Ecriture feminine refers to a uniquely feminine style of writing characterised by disruptions in the
text, such as gaps, silences, puns, new images and so on. It is eccentric, incomprehensible and
inconsistent, and the difficulty to understand it is attributed to centuries of suppression of the
female voice, which now speaks in a borrowed language. Believed to originate from the mother
in the stage of the mother-child relation before the child acquires the male-centred verbal
language, this pre-linguistic and unconscious potentiality manifests itself in those literary texts
which, abolishing all repressions, undermine and subvert all significations, the logic and the
closure of the phallocentric language, and opens into a joyous freeplay of meanings.

The approach through language to feminist action has been criticised by some as
over-theoretical: they would see the fact that the very first meeting of a handful of would-be
feminist activists in 1970 only managed to launch an acrimonious theoretical debate as marking
the situation as typically 'French' in its apparent insistence on the primacy of theory over politics.
Further criticisms of écriture féminine include what some claim is an essentialist view of the
body and the consequential reliance on a feminism of 'difference' which, according to Diana
Holmes, for instance, tends to "demonize masculinity as the repository of all that (at least from a
post-'68, broadly Left perspective) is negative. It also, says Holmes in French Women's
Writings, 1848-1994 (1996), would exclude much of women's writing from the feminist canon.

2. Gynocriticism :

Gynocriticism or gynocritics is the term coined in the seventies by Elaine Showalter to describe
a new literary project intended to construct "a female framework for the analysis of women's
literature". By expanding the historical study of women writers as a distinct literary tradition,
gynocritics sought to develop new models based on the study of female experience to replace
male models of literary creation, and so "map the territory" left unexplored in earlier literary
criticisms.

While previous figures like Virginia Woolf and Simone de Beauvoir had already begun to review
and evaluate the female image in literature, and second-wave feminism had explored
phallocentrism and sexism through a female reading of male authors, gynocriticism was
designed as a "second phase" in feminist criticism – turning to a focus on, and interrogation of
female authorship, images, the feminine experience and ideology, and the history and
development of the female literary tradition.
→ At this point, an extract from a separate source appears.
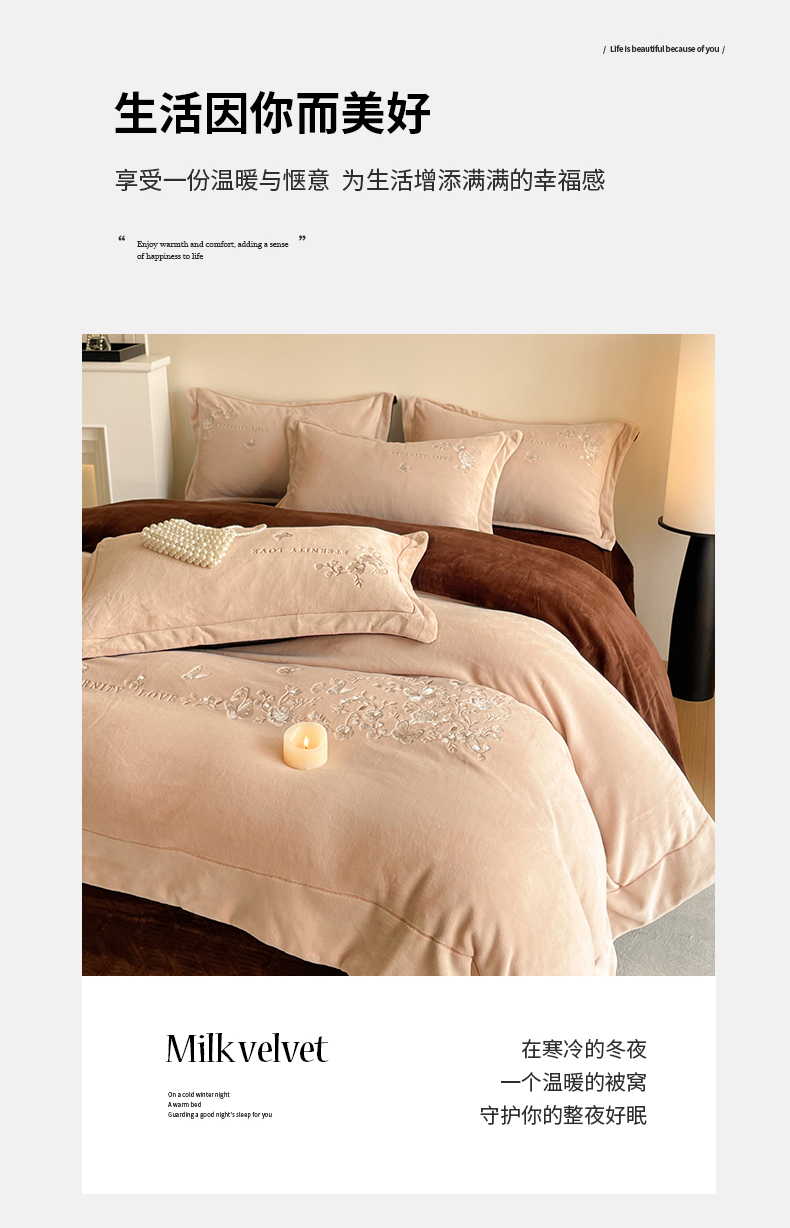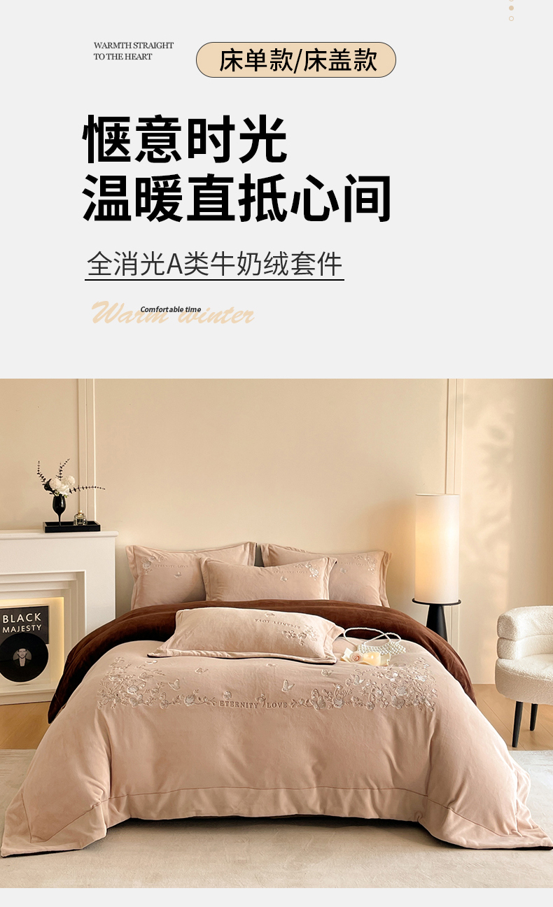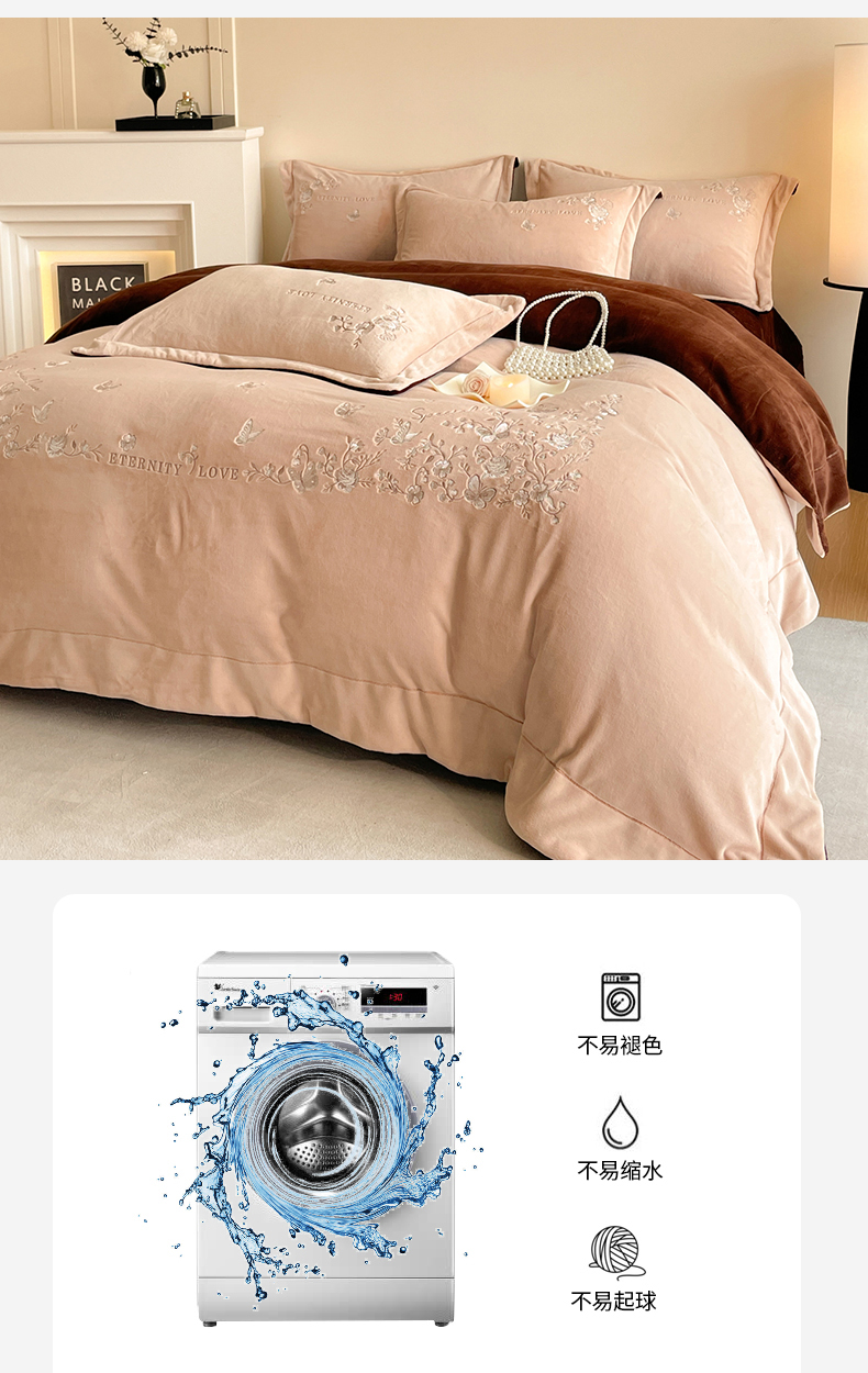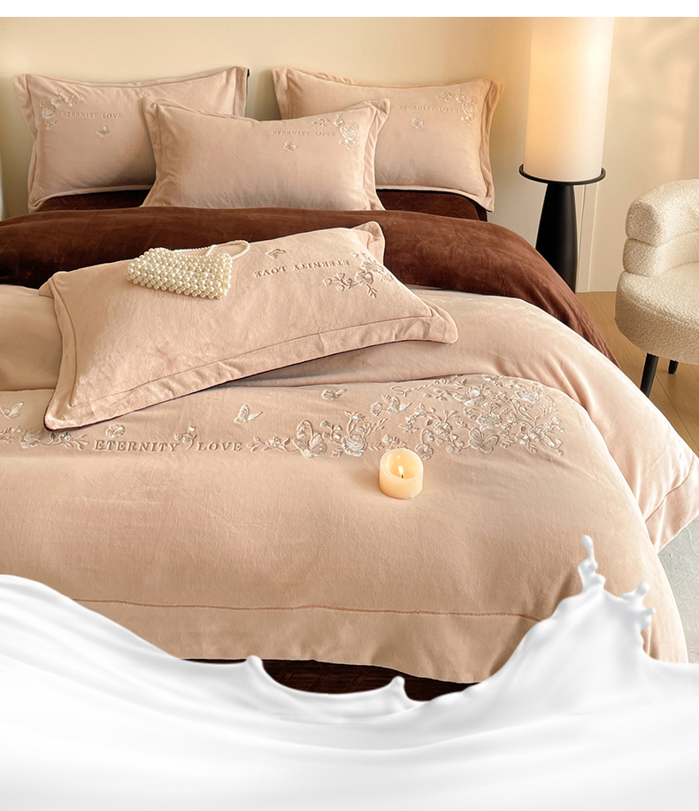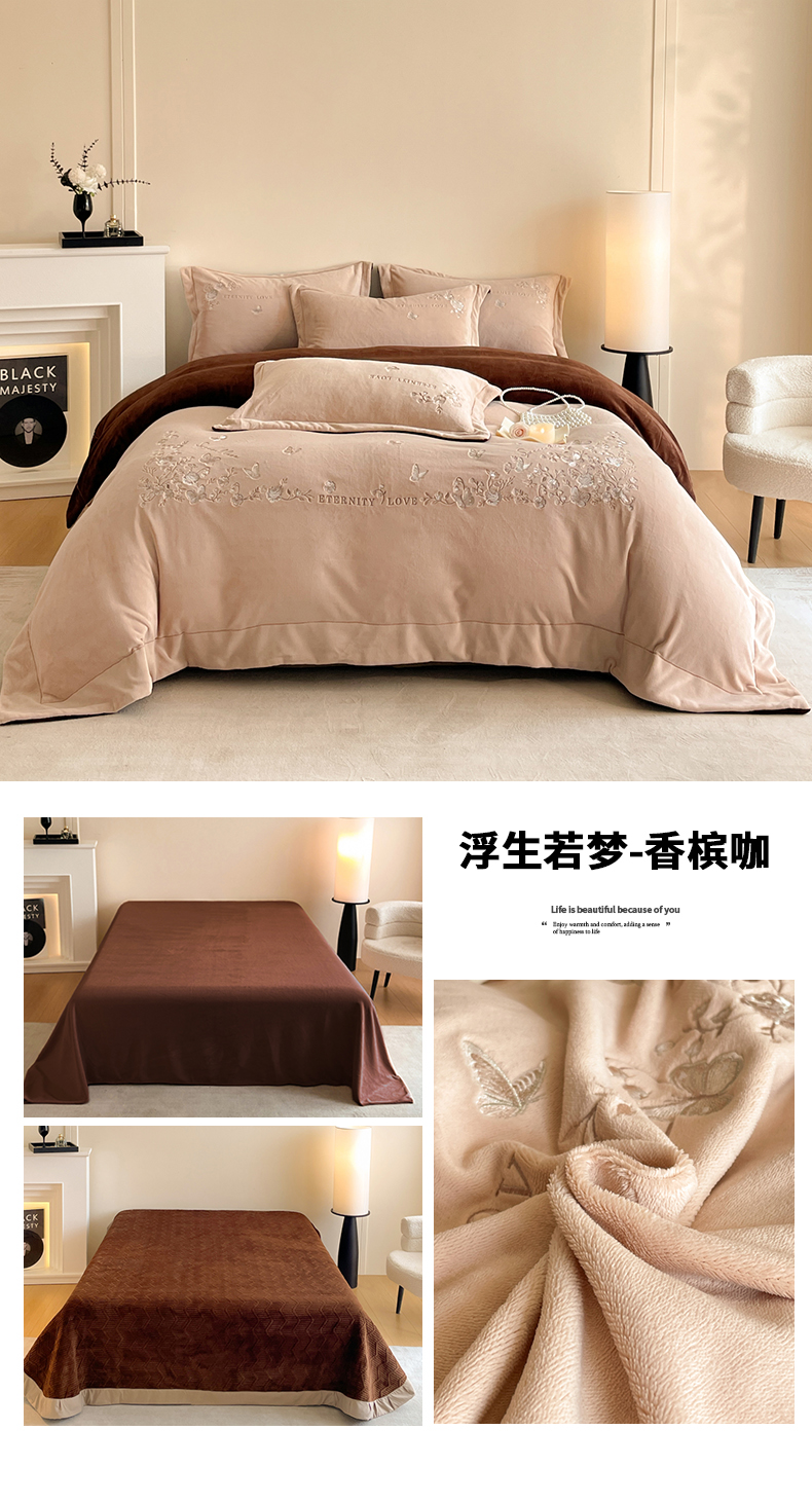 当前位置: 91家纺网 > 商品网购 > 床品套件 > 四件套 > 牛奶绒四件套 > 新方向 2025新款全消光A类刺绣牛奶绒四件套-浮生若梦 浮生若梦-香槟咖

Gynocriticism helped reclaim from obscurity a vast body of early female writings, often published
in Virago, as well as producing such feminist classics as The Madwoman in the Attic. However
its very successes left it open to new challenges from within feminism. Poststructuralists
complained that it fetishized the role of the author, at the expense of the reader and the text,
and that its grand narrative, setting up a female canon in opposition to the male, was
essentialist, and omitted differences and divisions among women, leaving out lesbians and
women of color, for example.

Race, class, social interest, political inclination, religion and sexuality[3][5] all arguably come
into play in the construction of identity. Separating out such properties would create a
one-dimensional view of the female, yet if gender and identity are merely constructs then it
becomes difficult to assign any inherent qualities of nature or language to found a critique.

Despite such limitations, gynocriticism offers a valuable interrogation of 'female' literature,


through the study of sameness and difference in gender.[5] While the term is rarely used in
third-wave feminism, the practices and canon establishment of gynocriticism continues to
underpin feminist literary criticism.